方萧一把抓过粉饼,毫无章法的在自己脸上一通乱扑,摸的脸上惨白吓人……几下之后,方萧把粉饼随手一扔,往床上一坐,冷声道:“就这样吧!”然后再不动弹。王氏见此,也无可奈何;禀了太夫人刘氏,刘氏皱眉,但最终叹了口气:“随她去吧~~”
还好并没有如萧家人担心的那样再闹腾,方萧安安静静的上了花轿。路上无话,到江府也是按部就班,江宏虽对着萧家人时脸色就不太好,但被父母压着也是礼数不缺。而方萧也无异动,让她走就走、让她拜就拜,只是动作僵硬,就跟个木头人似的。直到该入洞房时,出了状况:本该是由江宏亲自牵着红绸引方萧入洞房,而何氏那边则是由喜娘代引——皇帝虽没有封方萧作正妻的旨意,但却明确封何氏为平妻。无论那何玉莲如何风光,风头压过了萧家女,到底是平妻,所以司礼官便如此安排了——而江宏却拒不如此,说法也很冠冕堂皇,何氏已被皇帝亲封,萧氏仍未受礼部的诰命,乃是白身。于国礼之下,应遵何氏在先。

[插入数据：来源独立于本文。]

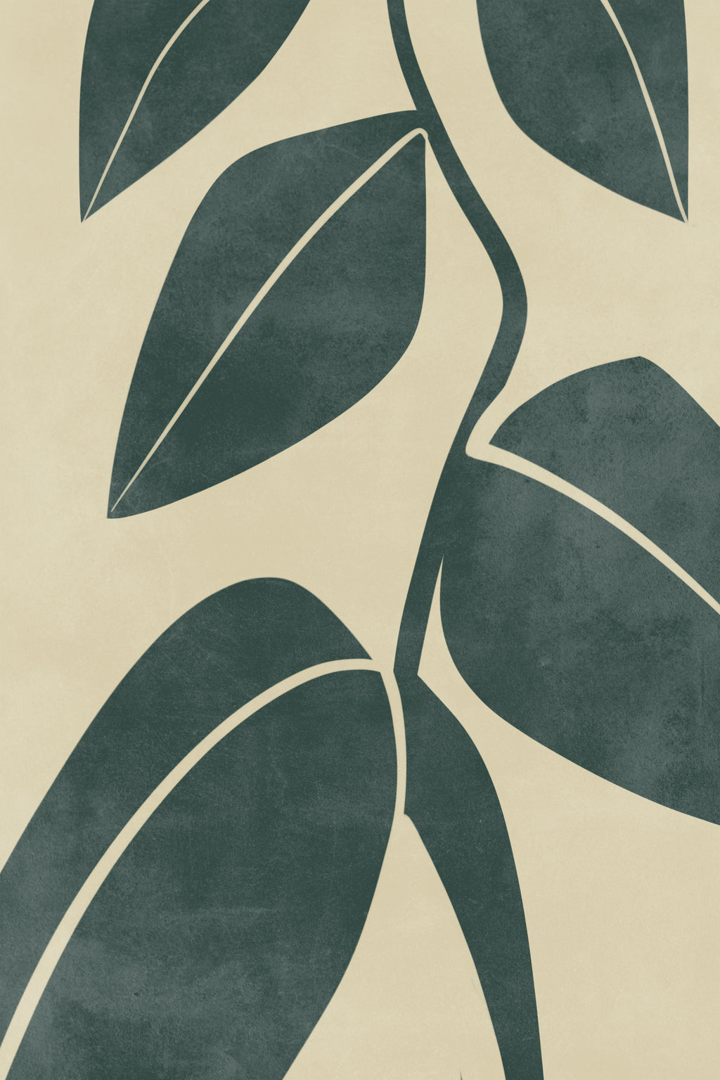 Formas simplificadas de folhas que se conectam pelo caule central. A composição é direta e limpa, celebrando a força e delicadeza da natureza.
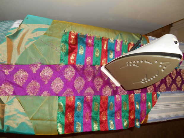 Presione suavemente su sari desechos (y cintas, si arrugado) con el hierro, así.

这简直就是强词夺理。婚礼乃是家礼,入洞房要行的是夫妻之礼,此时江宏扯这个,明明是有意打压萧氏!但江宏抬了这些大道理出来,司礼官一时也不好反驳……搀扶着方萧的红袖如何肯干,正要上前理论,却被方萧一把拉住。红盖头下传来冷冷的声音:“就听将军的吧!”

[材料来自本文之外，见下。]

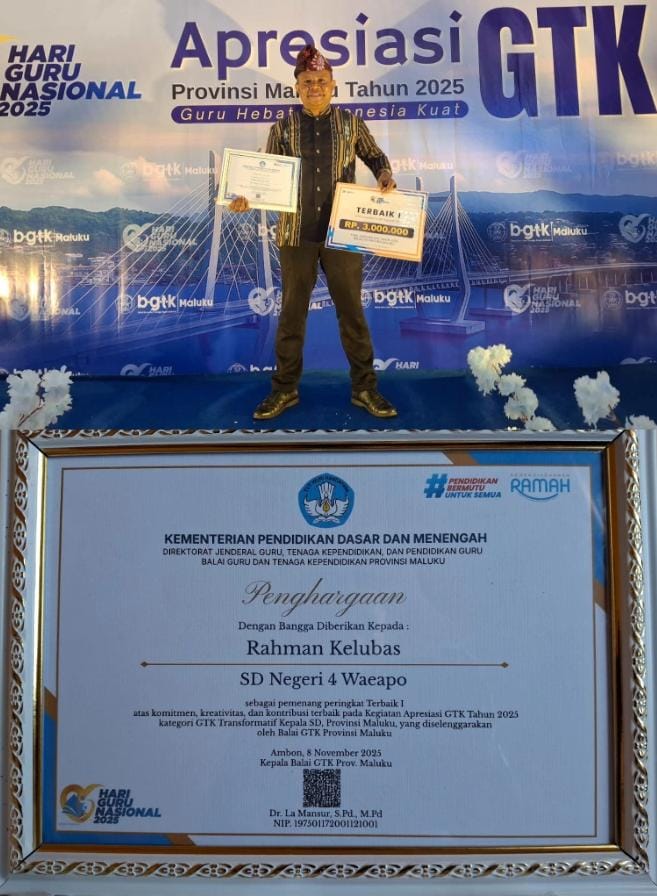 Alhamdulillah, dalam ajang Apresiasi GTK 2025, SDN 4 Waiapo dianugerahi Juara Terbaik Satu Kepala Sekolah Transformatif Tingkat Provinsi Maluku.

听她如此一说,红袖自不敢再说话。周边跟着的婆子丫鬟本是被刘氏吩咐过“千万劝着姑娘不要生事~~”此时怎会多嘴?而送亲的萧琮年纪尚小,此时虽知不妥,又反驳不出什么话来……一时萧家的人都无言语。前来参加喜宴的人很多都心中暗道:“夫君偏袒,而小姐性软,萧家又无人——这萧氏今后的日子可怎么过啊~~”心中都暗暗同情起方萧来。

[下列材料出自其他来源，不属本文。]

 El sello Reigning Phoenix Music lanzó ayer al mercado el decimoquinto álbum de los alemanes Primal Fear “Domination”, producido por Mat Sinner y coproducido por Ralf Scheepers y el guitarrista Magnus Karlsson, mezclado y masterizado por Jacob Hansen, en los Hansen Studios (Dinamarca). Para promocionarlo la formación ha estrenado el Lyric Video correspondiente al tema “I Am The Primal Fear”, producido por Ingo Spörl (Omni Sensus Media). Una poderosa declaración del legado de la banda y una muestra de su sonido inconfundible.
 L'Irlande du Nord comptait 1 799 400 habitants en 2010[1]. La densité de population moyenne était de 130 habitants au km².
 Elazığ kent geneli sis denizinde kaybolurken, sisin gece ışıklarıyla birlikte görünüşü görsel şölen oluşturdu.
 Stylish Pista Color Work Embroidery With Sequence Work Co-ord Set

方萧知道江宏此举不合礼数,会引来旁人对她的不平——这倒恰好合了她的意。方萧现在虽然心中依然愤怒,但头脑已渐渐清晰起来,心里也定了主意。所以当红袖在扶她进入新房后依然愤愤不平的嘟囔时,方萧说道:“他不过是给我个下马威罢了,有什么可恼怒的?”
红袖怒道:“姑娘你的性子什么时候这么软弱了,这不是当着众人给咱们没脸!”
“有脸也罢、没脸也罢。成这个亲本就是件丢脸的事。”方萧有些悲伤的说道。红袖见她露出了伤心的模样,连忙自责道:“都是我不好,说这些有用没用的~~”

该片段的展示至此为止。